The execution result

By execution time:6Ms, beat out all Java commits60.65% user memory consumption:59MB, beat out all Java commits16.41% of the userCopy the code

Complexity analysis

Time complexity: O(n), where N is the number of nodes in the tree Space complexity: O(H), where H is the height of the treeCopy the code

🌻Java Method 2: breadth-first search

Thinking analytical

Similarly, we can think of using breadth-first search to traverse the entire tree.

When we find a leaf node, we return the depth of the leaf node.
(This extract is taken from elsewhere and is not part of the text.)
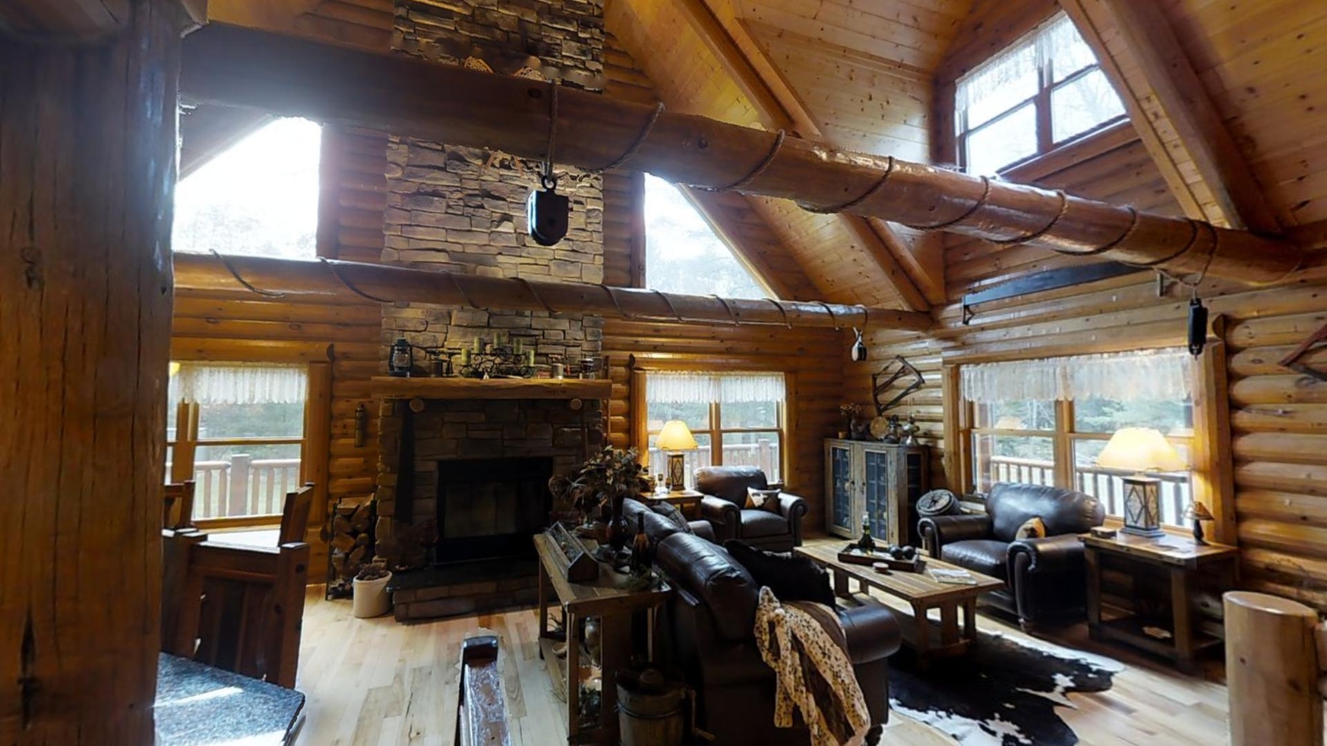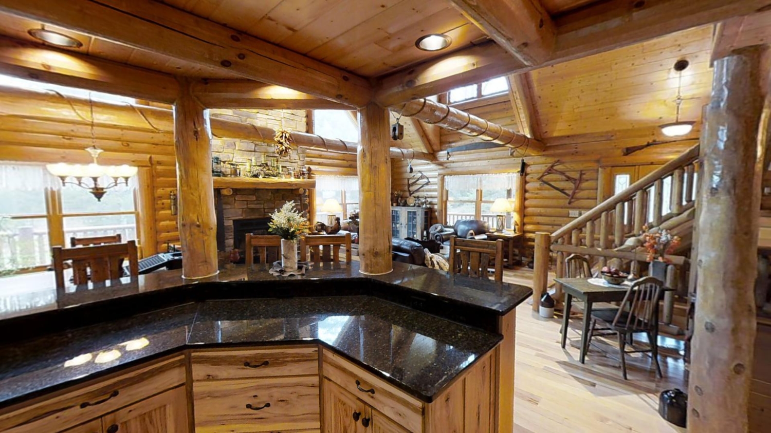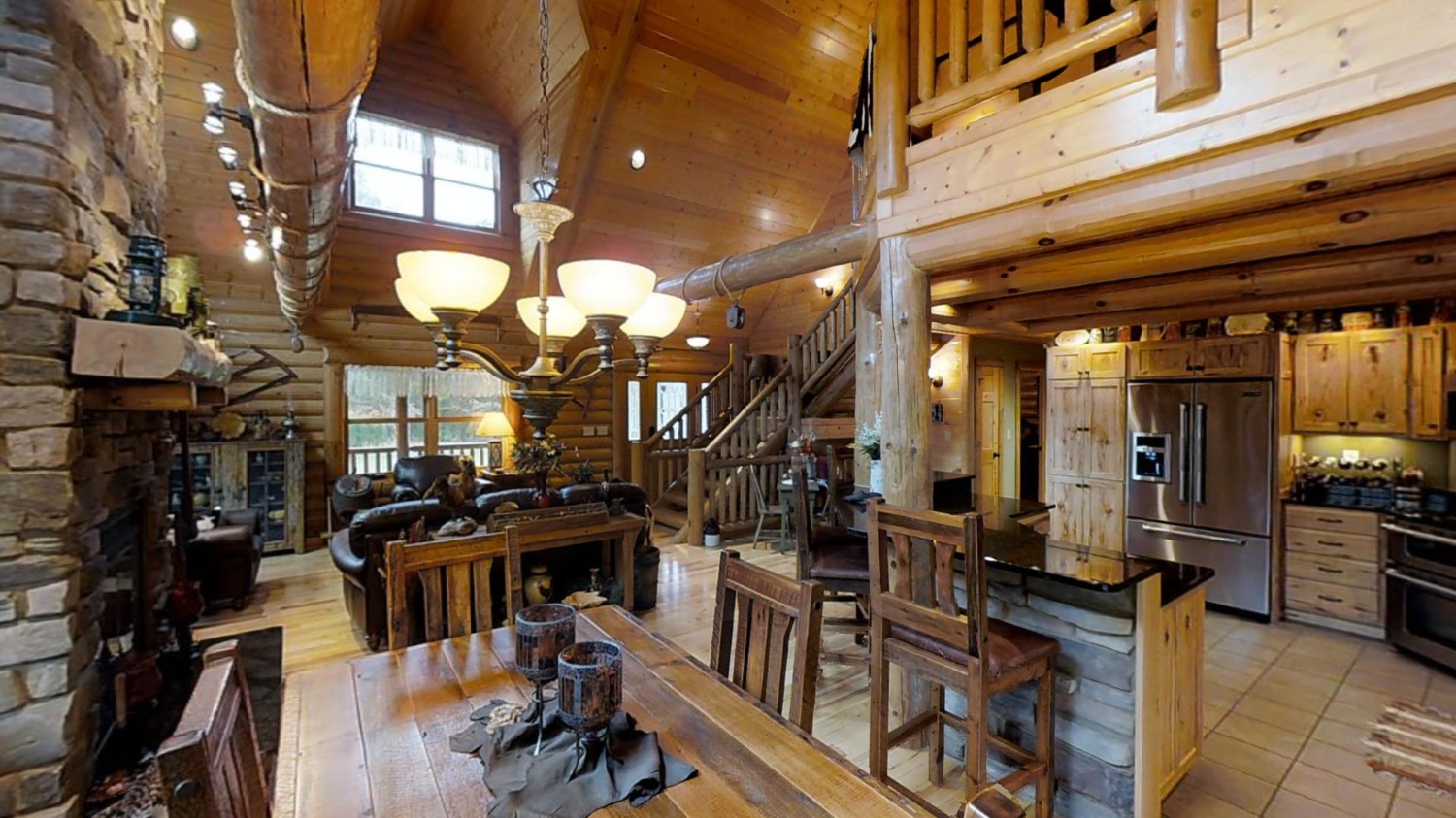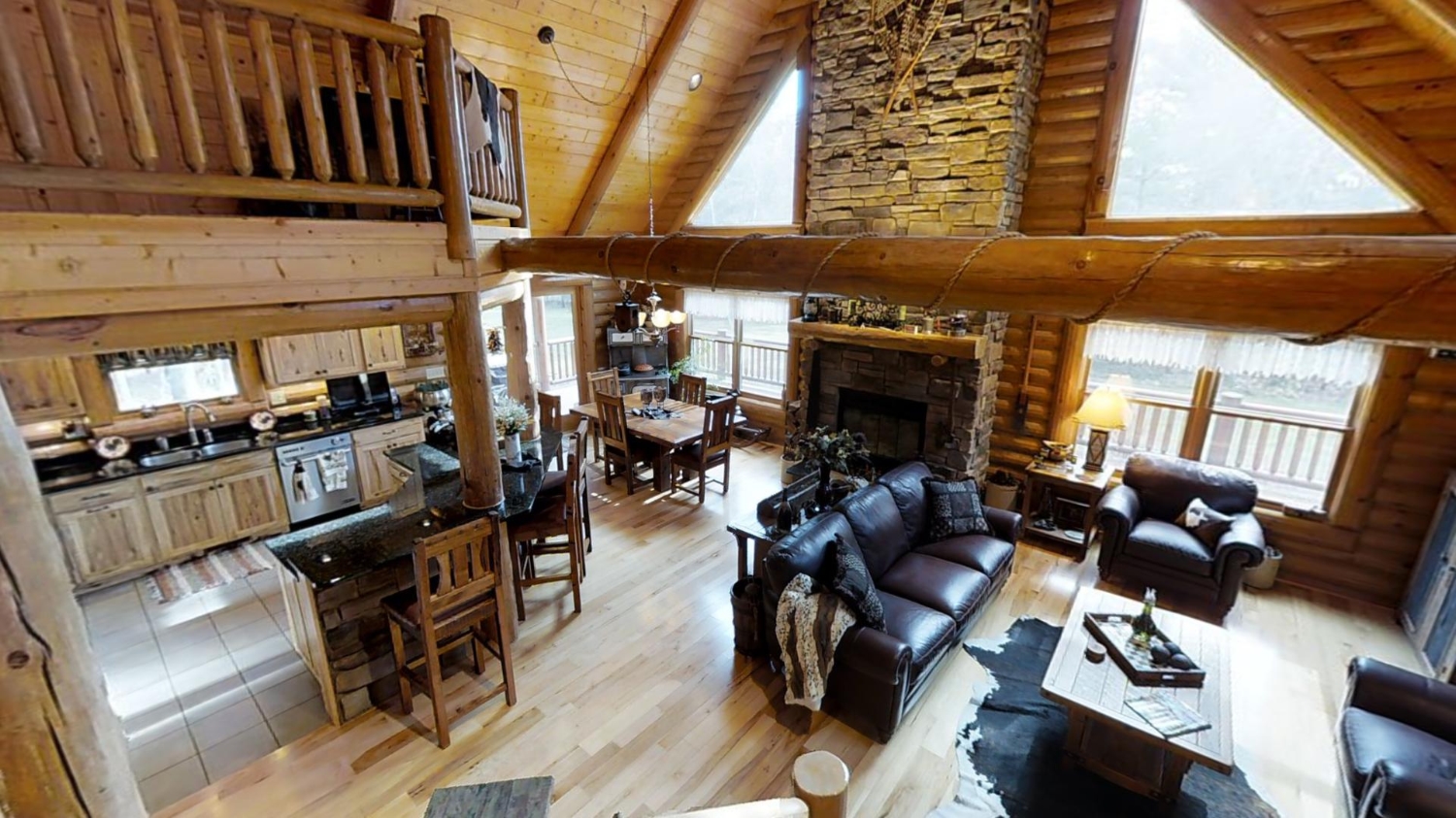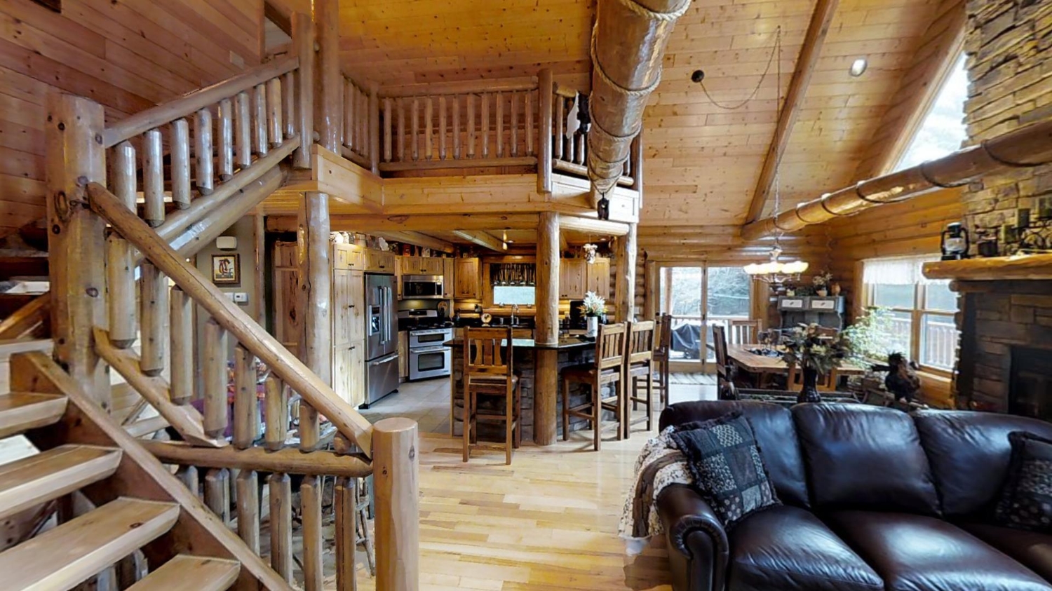 This ranch style home is based on our Lofted Log 1969AL floor plan. This custom version of the Lofted Log 1969AL has a very open and spacious feel. It has high vaulted ceilings in the great room with an overlooking loft area. The home owner's rustic decor preference lends itself well to a log home while using modern appliances and having an impressive "man cave" with a large projection theater screen.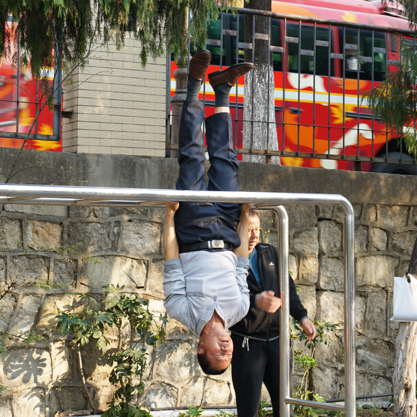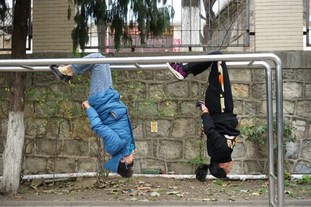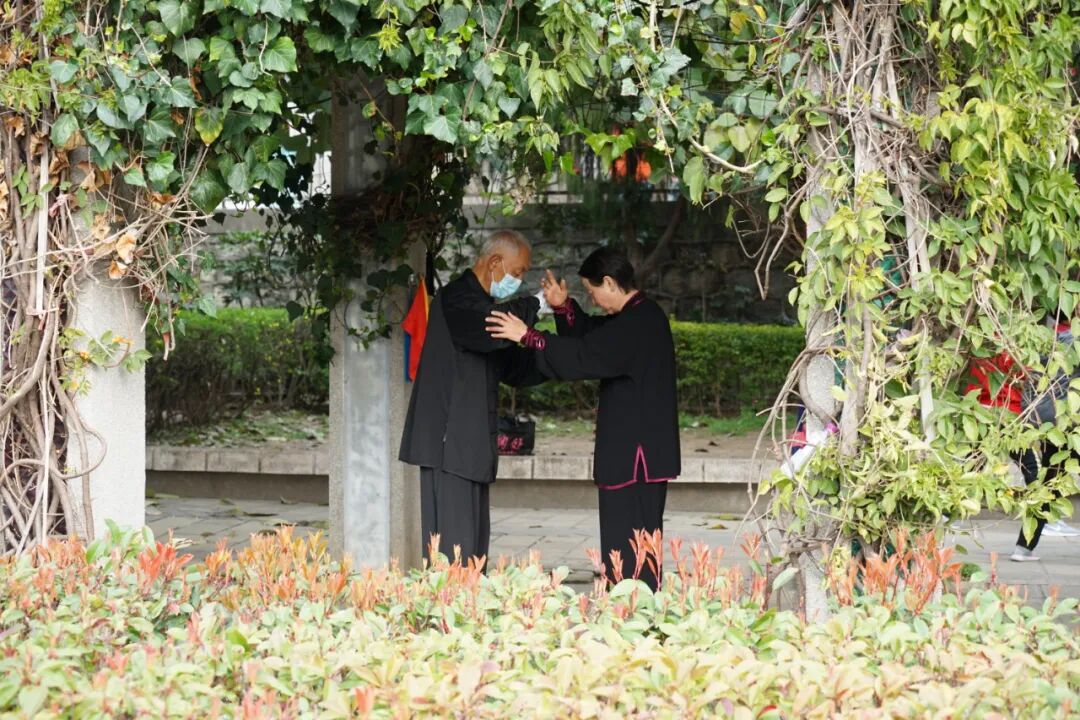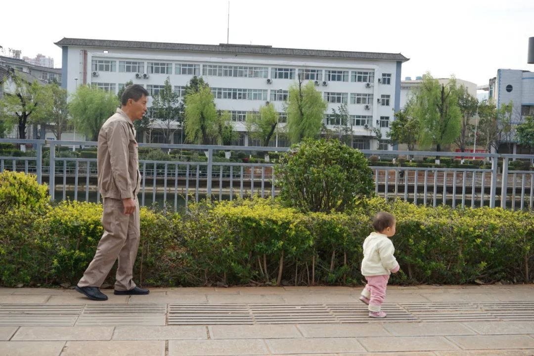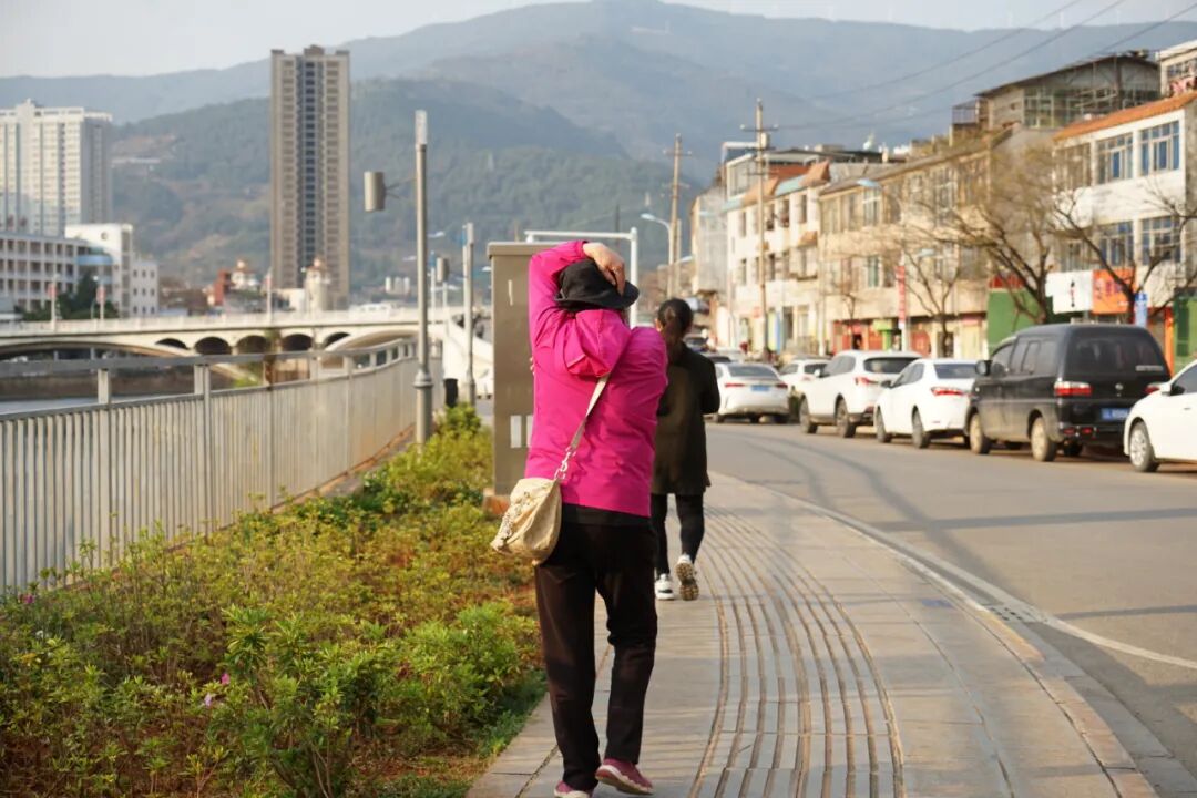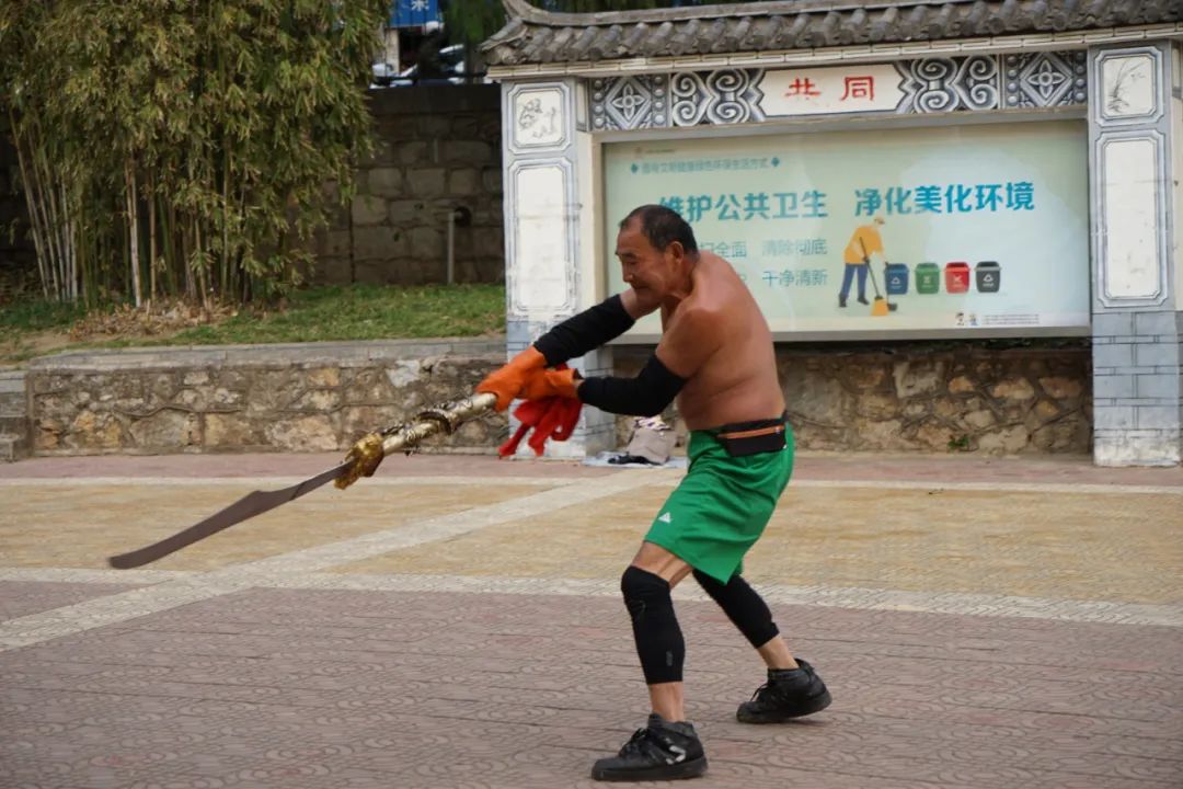 人们在健康步道上慢跑、晨练、起舞、练拳

Breadth-first search ensures that the depth of the first searched leaf node must be minimum.

Code:

class Solution {
    class QueueNode {
        TreeNode node;
        int depth;

        public QueueNode(TreeNode node, int depth) {
            this.node = node;
            this.depth = depth; }}public int minDepth(TreeNode root) {
        if (root == null) {
            return 0;
        }

        Queue<QueueNode> queue = new LinkedList<QueueNode>();
        queue.offer(new QueueNode(root, 1));
        while(! queue.isEmpty()) { QueueNode nodeDepth = queue.poll(); TreeNode node = nodeDepth.node;int depth = nodeDepth.depth;
            if (node.left == null && node.right == null) {
                return depth;
            }
            if(node.left ! =null) {
                queue.offer(new QueueNode(node.left, depth + 1));
            }
            if(node.right ! =null) {
                queue.offer(new QueueNode(node.right, depth + 1)); }}return 0; }}Copy the code

The execution result

By execution time:1Ms, beat out all Java commits99.43% user memory consumption:58MB, beat out all Java commits58.59% of the userCopy the code

Complexity analysis

Time complexity: O(n) where n is the number of nodes in the tree Space complexity: O(n) where n is the number of nodes in the treeCopy the code

💬 summary

  • Today is the thirty-first day of clocking!
  • The article USES theC# andJavaTwo programming languages to solve the problem
  • Some methods are also written by the god of reference force buckle, and they are also shared while learning, thanks again to the algorithm masters
  • That’s the end of today’s algorithm sharing, see you tomorrow!